Across the course of any close relationship, whether with a partner, friend, parent, or child, there will be moments when people misunderstand each other, get defensive, feel hurt, or say something clumsy.
One common misconception is that a healthy relationship is one where there’s little to no conflict, as though love should somehow remove irritation, disappointment, and disagreement. In reality, healthier relationships tend to be the ones where people can come back to each other, talk about what happened, and try to understand each other.
However, this can be difficult in the heat of the moment, when we’re feeling overwhelmed. During an argument, you might notice that you’re no longer really taking in what the other person is saying, even when they are trying to explain themselves. When the intensity of the argument becomes too much, you might feel tense, trapped, angry, numb, or desperate to get away.

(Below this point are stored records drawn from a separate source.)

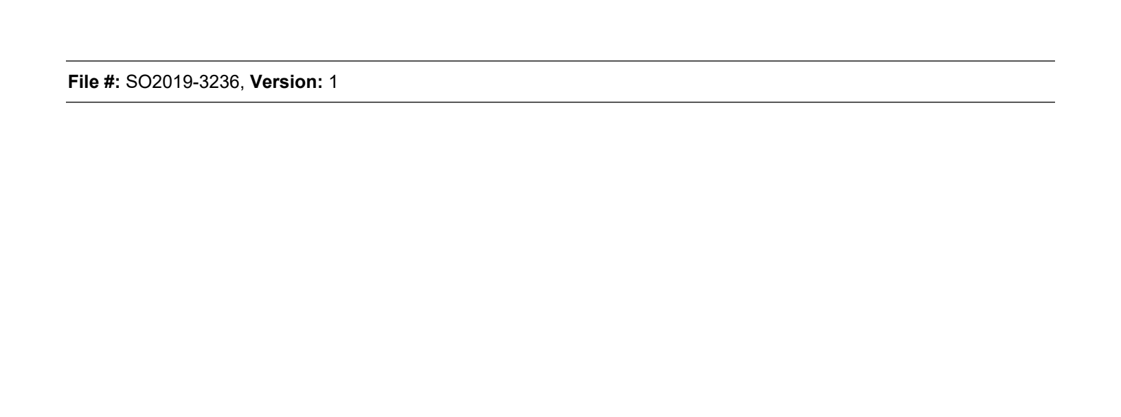
EXHIBIT E CONSTRUCTION CONTRACT

See attached. [NOT ATTACHED FOR ORDINANCE PURPOSES]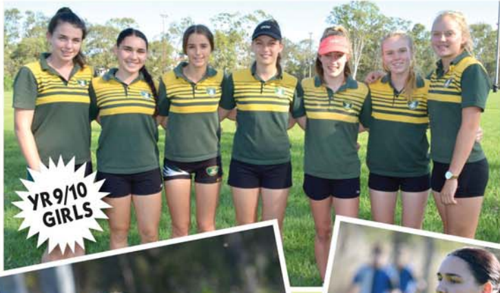
YR 9/10 GIRLS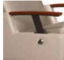
Adjustable Arm Heights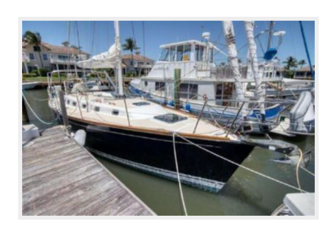
Drop down swim platform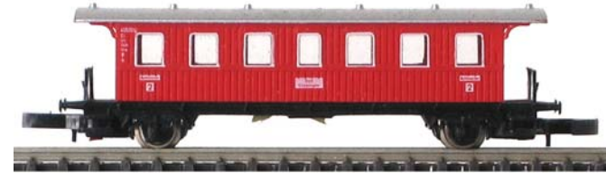
8701.3.1 – Württemberg Provincial Railroad Passenger Car (qty 2)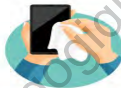
Disinfect personal belongings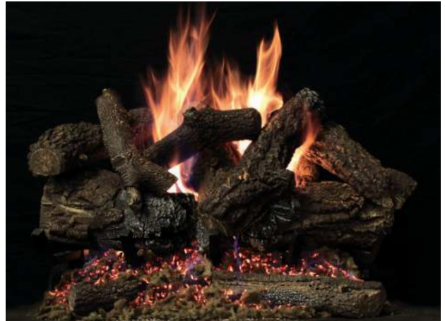
Treehouse 11 (LTH11) Refractory Log Set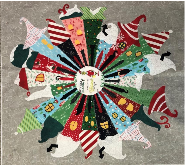
Alicia's creative neighbourhood under construction

Drs John and Julie Gottman describe this as emotional flooding. It refers to a physiological response that happens when we become so overwhelmed that we lose some of our ability to think clearly, listen properly, and respond with perspective. The body reacts as though it’s under threat, even when the “threat” is a difficult conversation with someone we care about.
Some signs of emotional flooding include:
- struggling to listen or take in new information
- feeling an urgent need to defend yourself or escape
- going blank, silent, cold, or numb
- repeating yourself because you don’t feel understood
- noticing a racing heart, tight chest, or shallow breathing
- seeing the other person in extreme terms: “always”, “never”, “they don’t care”

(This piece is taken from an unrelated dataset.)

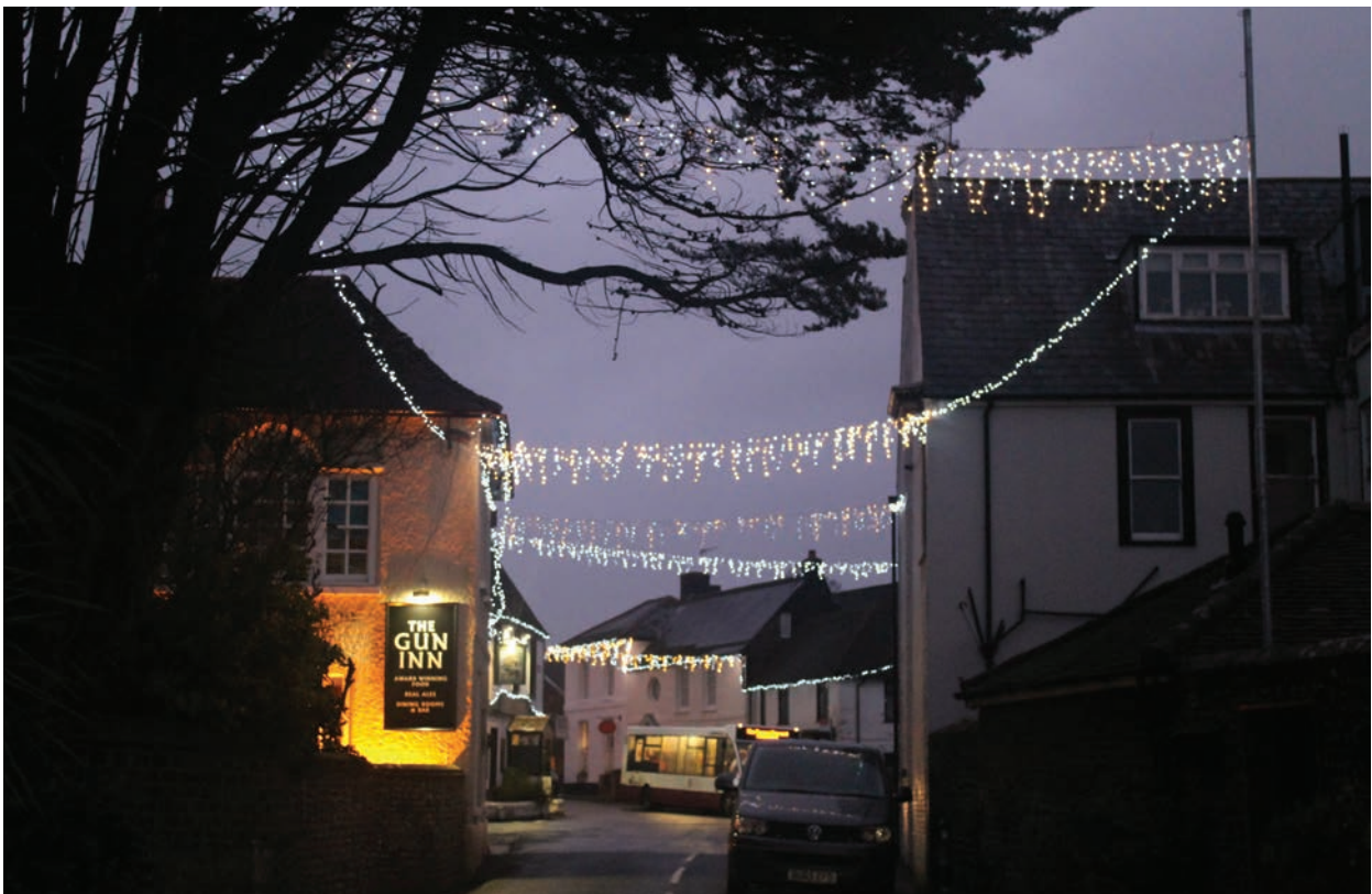
Christmas 2015 - 'Light up The Square' community initiative

- feeling tempted to attack, withdraw, or fix everything immediately
The Gottmans have often linked flooding to Stonewalling, which means shutting down, withdrawing, or refusing to engage during conflict. This is sometimes discussed as something men experience more often in heterosexual relationships, but anyone can become emotionally flooded. It’s not a male problem, a female problem, or a sign that someone is simply bad at relationships. Rather, it’s a physiological response to being overwhelmed.
This doesn’t excuse hurtful behaviour, but it does help explain why arguments can escalate so quickly. When one person becomes flooded, they might say something harsh, walk away abruptly, or go emotionally flat. The other person can then feel attacked, abandoned, or dismissed, which can flood them too. Before long, both people are reacting as though they need to protect themselves, rather than trying to understand what’s going on.

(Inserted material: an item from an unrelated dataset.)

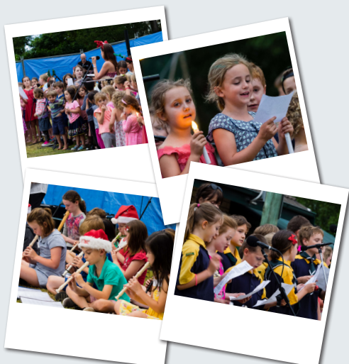
Lots of kids having lots of fun at the Greenwich Carols by Candlelight

A few things can help when flooding begins:
- Say what’s happening: For example, “I’m getting overwhelmed, and I don’t think I can talk about this well right now.”
- Take a time-out: Pause the argument for at least 20-30 minutes, but agree when you’ll come back to it so the other person isn’t left hanging.
- Use the break to settle your body: Go for a walk, listen to music, shower, stretch, or sit somewhere that gives you some space. Try to avoid spending the whole time building your case.
- Remember the wider relationship: Try to bring to mind a time when this person was kind, loving, or well-intentioned, so the argument doesn’t become the whole story. You don’t need to feel loving in that moment; you’re simply trying to remember that this person has also been kind, generous, or well-intentioned before.
- Come back with one clear point: When you’re ready, start with the main feeling, need, or misunderstanding, rather than replaying the entire argument. For example, “I felt overwhelmed when you were telling me all those things at once; I needed space to calm down, and I’d rather we didn’t shout over each other. I’m sorry for contributing to that.”
It’s also important to avoid rushing too quickly to fix our feelings. After conflict, people often pressure themselves to calm down instantly, repair immediately, or produce the perfect mature response before they’ve even understood what they’re feeling. Anger, hurt, embarrassment, and disappointment need a little time to be felt before they can be spoken about properly.
The aim is not to stew for days, punish the other person with silence, or avoid the issue altogether. It’s to give yourself enough room to know what happened inside you before trying to sort out what happened between you.
It’s also helpful to remember that all human friendships and relationships are exactly that – human.
We all mess up sometimes: we say the wrong things, we misunderstand, and we feel all kinds of emotions in the process. Keeping this in mind helps to allow for some compassion not just toward ourselves, but also toward the ones we love.